(Data records)
== Segment start ==

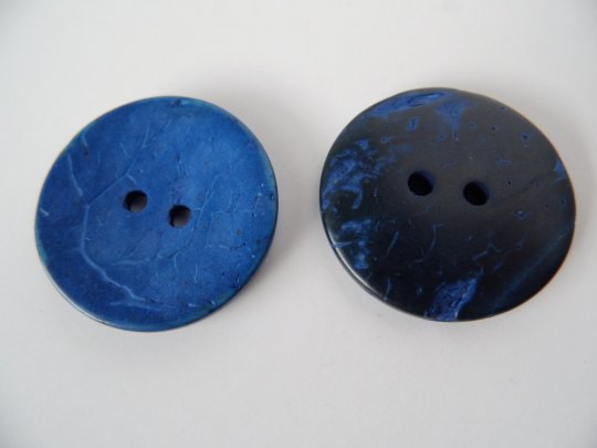 Mørk kobboltblå knap fremstillet af kokosnøddeskal.
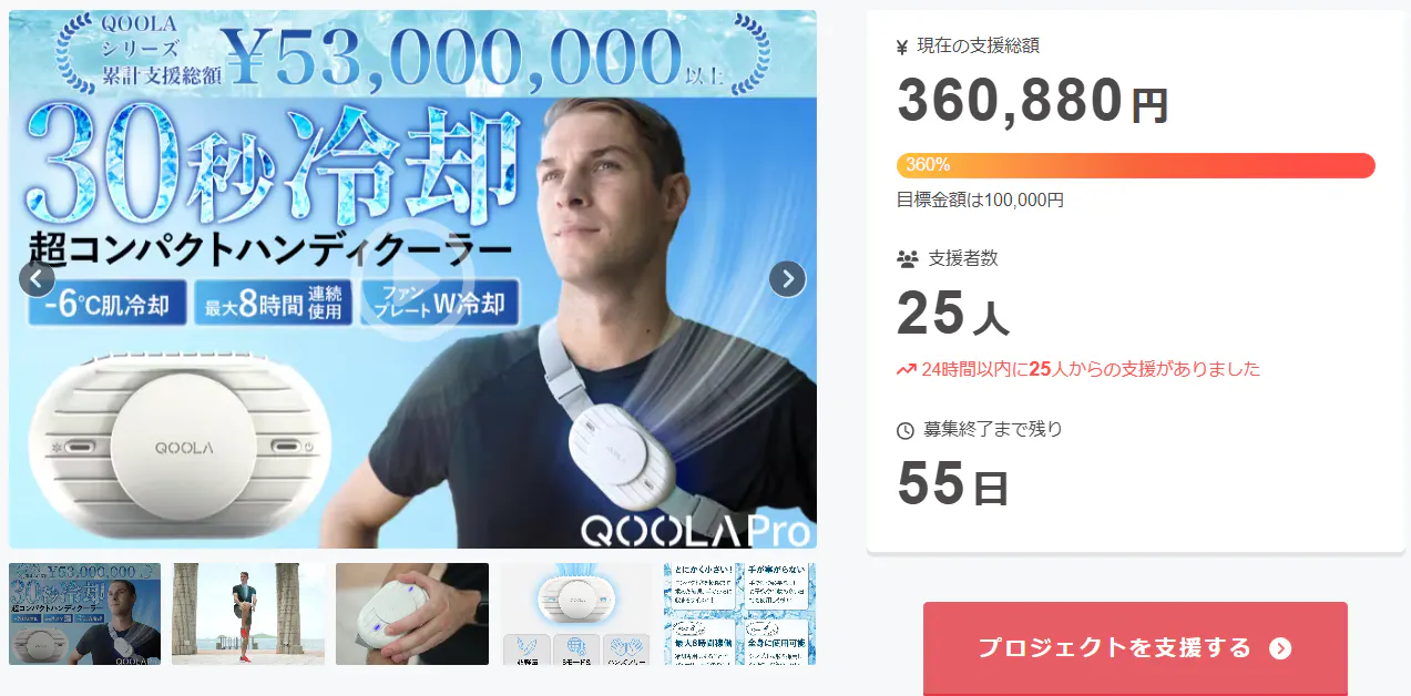 この度は「冷却×冷風で瞬間冷却! 涼しさが8時間続くハンズフリークーラーQOOLA Pro」に支援頂き誠にありがとうございます!
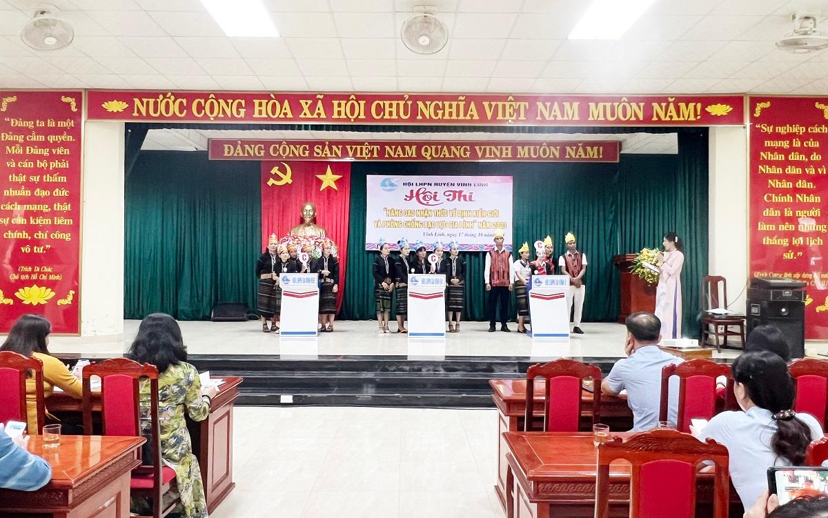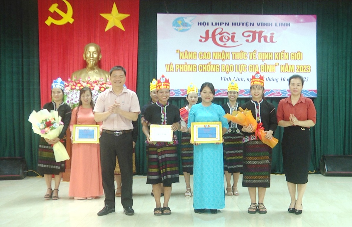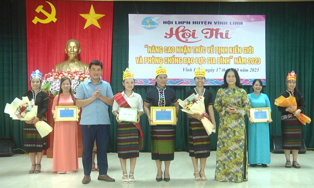 Ngày 17/10/2023, Hội LHPN huyện Vĩnh Linh tổ chức hội thi “Nâng cao nhận thức về định kiến giới và phòng chống bạo lực gia đình” năm 2023. Đây là một hoạt động nằm trong chuỗi các hoạt động hướng tới chào mừng 93 năm Ngày thành lập Hội LHPN Việt Nam 20/10 (1930- 2023). Tham dự có các đồng chí: Nguyễn Thị Quế Phượng- Phó Chủ tịch Hội LHPN tỉnh, Nguyễn Thị Hương- Phó Bí thư Thường trực Huyện ủy, Chủ tịch HĐND huyện, Phan Ngọc Khoa- Trưởng Ban Dân vận Huyện ủy, Nguyễn Thiên Tùng- Phó Chủ tịch UBND huyện.
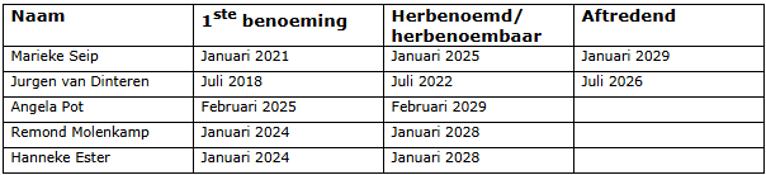 Volgens de Governancecode is de maximale zittingsduur 8 jaar. Onderstaand rooster geeft aan wanneer de leden aftreden.
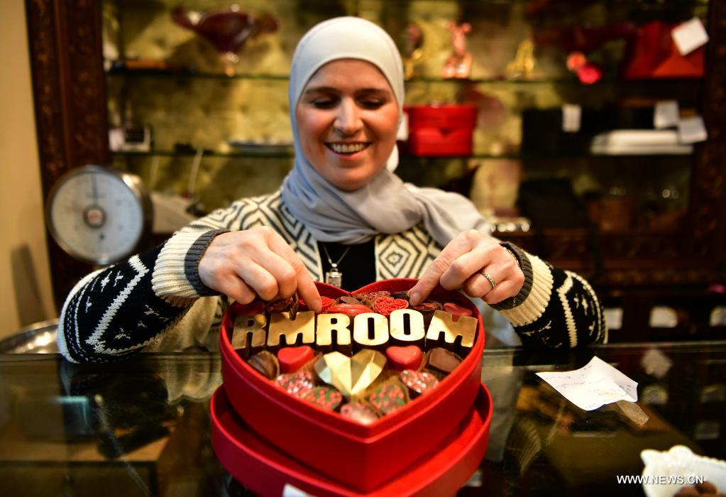 دمشق 13 فبراير 2022 (شينخوا) في الصورة الملتقطة يوم 12 فبراير 2022، هدية على شكل قلب من الشوكولاتة تم تجهيزها لعيد الحب القادم في العاصمة السورية، دمشق.
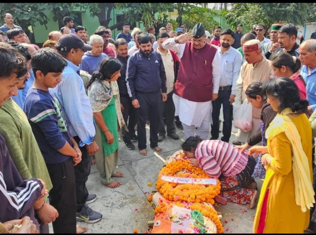 सैनिक कल्याण मंत्री गणेश जोशी आज कालिदास मार्ग स्थित उनके निजी आवास पहुंचे, जहां उन्होंने नायब सूबेदार के पार्थिव शरीर पर पुष्पचक्र अर्पित कर श्रद्धांजलि दी। इस अवसर पर मंत्री जोशी ने शोक संतप्त परिवारजनों से भेंट कर संवेदनाएं प्रकट कीं और उन्हें ढांढस बंधाया।
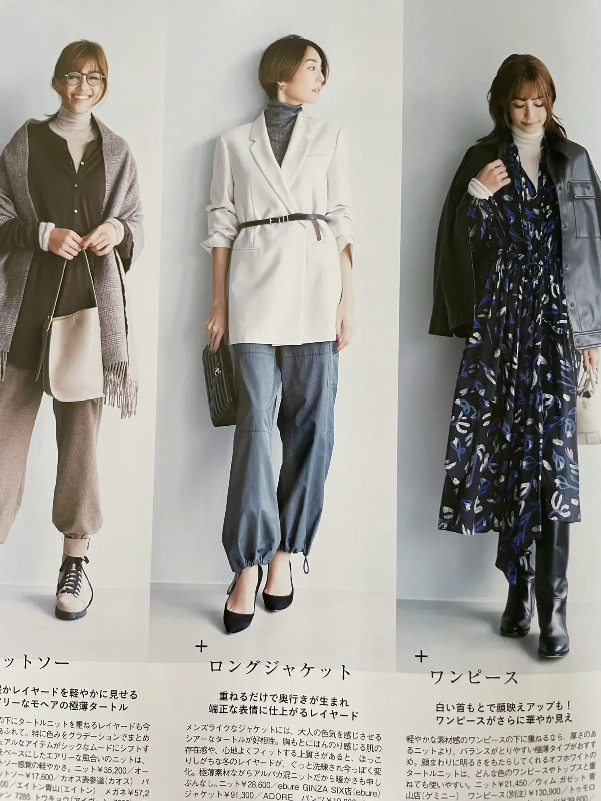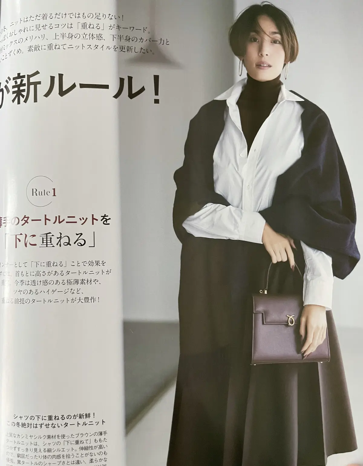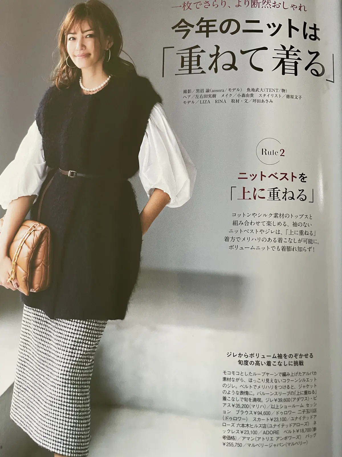 エクラ12月号の「今年のニットは重ねて着るが新ルール」。
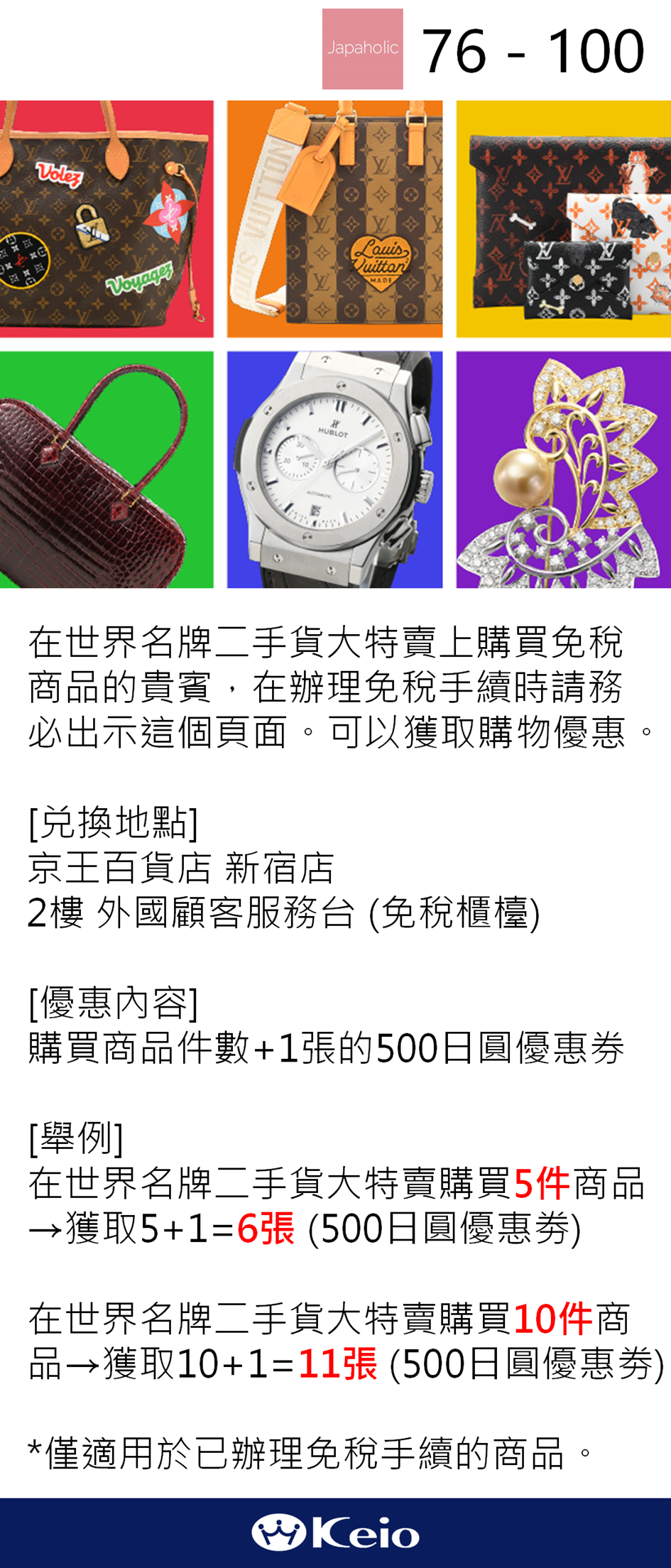 在每年的四月和十月,都會在京王百貨新宿店舉行為期一週的「世界名牌二手貨大特賣」,聚集15家以上的品牌,包括Louis Vuitton、Hermes、Gucci、Celine和Loewe等眾多名牌精品,不只有包包皮夾錢包,還有手錶、珠寶飾品等,每年都吸引了不少想撿便宜的日本顧客以及海外遊客。

== Segment end ==

*WHAT IS EXPECTED*
Go back to the lines above and output, exactly as they stand, the ones from the line containing "Ngày 17/10/2023, Hội" to the line containing "دمشق 13 فبراير". Leave all pictures behind.

*EXERCISE ANSWER*
 Ngày 17/10/2023, Hội LHPN huyện Vĩnh Linh tổ chức hội thi “Nâng cao nhận thức về định kiến giới và phòng chống bạo lực gia đình” năm 2023. Đây là một hoạt động nằm trong chuỗi các hoạt động hướng tới chào mừng 93 năm Ngày thành lập Hội LHPN Việt Nam 20/10 (1930- 2023). Tham dự có các đồng chí: Nguyễn Thị Quế Phượng- Phó Chủ tịch Hội LHPN tỉnh, Nguyễn Thị Hương- Phó Bí thư Thường trực Huyện ủy, Chủ tịch HĐND huyện, Phan Ngọc Khoa- Trưởng Ban Dân vận Huyện ủy, Nguyễn Thiên Tùng- Phó Chủ tịch UBND huyện.
 Volgens de Governancecode is de maximale zittingsduur 8 jaar. Onderstaand rooster geeft aan wanneer de leden aftreden.
 دمشق 13 فبراير 2022 (شينخوا) في الصورة الملتقطة يوم 12 فبراير 2022، هدية على شكل قلب من الشوكولاتة تم تجهيزها لعيد الحب القادم في العاصمة السورية، دمشق.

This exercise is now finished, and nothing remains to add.